Anna de Batz

Il y avait autrefois urgence, appel impérieux à occuper l'espace de la toile non pas comme une démonstration mais comme une nécessité vitale. L'artiste bataillait, imposait sa domination en apposant ses rouges claquants, ses couleurs fortes parfois sans ménagement, dans un ballet d'ocres et de noirs. Quelques petites masses colorées en suspens, quelques grandes griffures ne parvenaient pas toujours à adoucir la fermeture de l'espace.


Dans l'évolution d'un travail picutral, surviennenet des accidents infimes, des repentirs, des tentatives sans lendemain, des toiles bancales, là où se définit un rapport de vérité avec sa propre histoire picturale mais aussi avec l'histoire de la peinture.

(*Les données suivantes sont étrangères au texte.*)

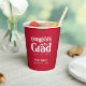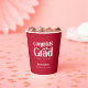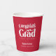 Glückwunsch Grad. Papierbecher für den Retro-Typ-Abschluss Features, Retrotypografie in weiß auf rotem Hintergrund.

C'est alors dans ces moments incertains que le recours aux recettes anciennes s'estompe et que s'allège le savoir-faire. L'air circule, la toile s'ouvre et renonce au petit jeu des formes, aux petites fictions superficielles : la composition s'épure, disparaît et accueille le rien qui n'est pas le vide. La toile se donne à nous, vidée de trop de propositions et ose enfin se dépouiller. Cet immense espace, cette respiration nous permettent d'approcher l'épaisseur du temps, enfin accepté dans sa lenteur et l'abandon qu'il exige. Le soi, les souvenirs, les sensations, - autant de couleurs apaisées, grisées, rosées, de camaïeux de bleus et de blancs - viennent là comme une palpitation ouverte dans la toile, avec une lumière née de la matière colorée, poreuse. C'est donc une acceptation de ce qui est révolte et dans le même temps la liberté de peindre qui s'affirme, guidée par le pinceau. La démonstration a quitté la place donnant sa chance à un peu plus d'intériorité, un peu plus de fluidité, des frémissements subtils, laissant la possibilité du rêve au regard. La légèreté de la touche, plus transparente s'allie à la profondeur et à davantage de mystère. C'est l'interruption de la poésie qui ne peut naître que la de la fragilité. De la peinture en somme.